Here ##Df(a)## is the derivative of ##f## at ##a##, i.e. the linear transformation at . My question is simply; if the assumptions in the theorem hold, is the map ##a\mapsto Df(a)## also continuous? Spivak seems to only prove the existence, not the continuity. If it is true that ##a\mapsto Df(a)## is also continuous, I'd be grateful for some guidance on how to prove this.

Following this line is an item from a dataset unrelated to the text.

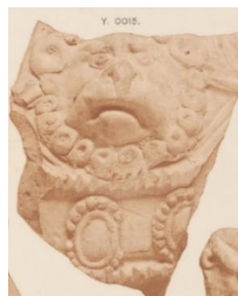
Figure 4. Pottery shards unearthed in Jotekan

Lianzhu pattern as an artistic pattern was unearthed in the Central Plains earlier than in the West. Lianzhu patterns have appeared as decorative patterns on people's daily utensils in the Xia and Shang dynasties. In the late Xia Dynasty, there are clear and coherent Lianzhu patterns on the lotus, and the outer edges of the leaf vein bronze mirrors in the late Shang Dynasty are also decorated with Lianzhu patterns. In the Tang Dynasty, Chang'an, as an economic and trade center and cultural center, had a large number of decorative patterns of beads on the lotus pattern tiles. This combination of lotus and beads is full of strong religious meaning, and is also a proof that the Sassanid culture and the Central Plains culture exchange has been recognized.

EDIT: Here's an attempt at a proof. If we think of ##Df(a)## as a matrix instead of a linear transformation, which we denote ##f'(a)##, then the map ##a\mapsto f'(a)## is a map into ##\mathbb R^{m\cdot n}## and for maps ##g## into finite product spaces, they are continuous iff ##\pi^{i}\circ g## are continuous. We are given that the partials (exist and) are continuous at ##a##, but those are simply ##\pi^{ij}\circ f'## and so ##f'## is continuous. Thoughts? Comments?

fresh_42 · Jun 11, 2024

You can reduce the situation to ##m=1## i.e. one component of ##f.## That makes it a lot easier.

Yes, if the conditions in the theorem hold then ##a\longmapsto D_a(f)## is continuous, too. I don't have a proof in mind so I would have to search the internet first.

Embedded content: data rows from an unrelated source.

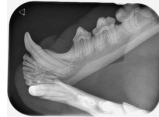
Intraoral Bisecting Angle 304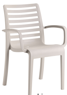
Linen U6 301 581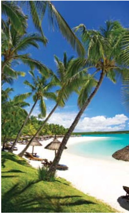
One & Only Le Saint Geran - Beach View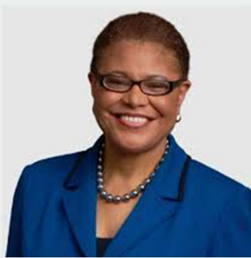
Mayor Karen Bass City of Los Angeles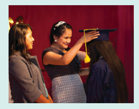
Ericka placing a cap on a graduating student

Bonus! If you're one of the first 40 people to support a class at $50/month, an additional $250 will be donated towards health benefits for our teachers, thanks to a generous donor.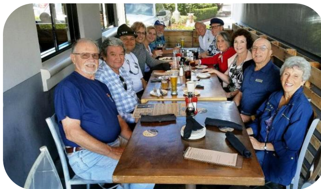
Looks like the folks are ready for a stein and some lunch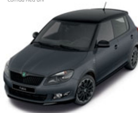
Anthracite Grey metallic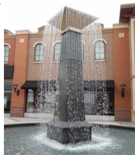
Mall of LA Fountain

A fine example of this kind of formal austerity might be the mysterious moving ball in the Town Center shopping center in which Whole Foods is located. At the intersection between the fashion (frivolity) and food (necessity) segments of this affluence-soaked village of vendors, a large, roseate granite ball rests on an urn from which water inexplicably wells up and spills asymmetrically outward, driving what seems otherwise to be a frictionless sphere. Standing atop a robust ground mosaic of multi-colored stone slabs, the fountain emanates a sense of infinite smoothness that eases the hubbub of what Wordsworth called getting-and-spending, that creates a tiny island of peaceful simplicity in the midst of vanity fair. Although positioned at the vertex of the two great wings of Town Center, the fountain nevertheless seems somehow out-of-the-way and even dwarfed or misplaced amidst the parapet-strewn castle of America's least alternative counter-cultural food source and alongside the blaring windows of dress shops aimed at differing levels of overall prosperity. Town Center, after all, is not in a true town nor is it at the center of anything. Its decentered, anti-semantic fountain both explains the venue in which it resides while it inadvertently symbolizes escape from those impostor centers of attention that keep the cell-phone generation overly engaged.

Here is a list and counterexamples of what follows from what:
https://www.physicsforums.com/insights/the-pantheon-of-derivatives-i/
You want to show the first implication: (all) continuous partial differentiability implies continuous total differentiability. The counterexample shows that at some point in the proof you need that the partial derivatives are continuous. Otherwise, you could simply write down the gradient.

psie · Jun 11, 2024

fresh_42 said:

Yes, if the conditions in the theorem hold then ##a\longmapsto D_a(f)## is continuous, too. I don't have a proof in mind so I would have to search the internet first.

Ok. Did you see my attempt at proving it?

I think it simply follows from a theorem in topology, with the understanding that ##\mathbb R^{m\times n}## is a product of ##mn## copies of ##\mathbb R##, if I'm not mistaken.

fresh_42 · Jun 11, 2024

Found it. Unfortunately has every author his own notations. In my case, I have even two translations to perform. The proof is given for ##n=2.##

If ##a\longmapsto D_a(f)## exists and is continuous then ##f_x:= \dfrac{\partial f}{\partial x} := D_a(f)\cdot (1,0)## and ##f_y:= \dfrac{\partial f}{\partial y} := D_a(f)\cdot (0,1)## do the job including continuity.

Yes, I saw your attempt but I think you are a little bit confused. We do not need manifolds here (and no metric ##g## or whatever it is), and we can assume ##m=1## so we don't need projections either.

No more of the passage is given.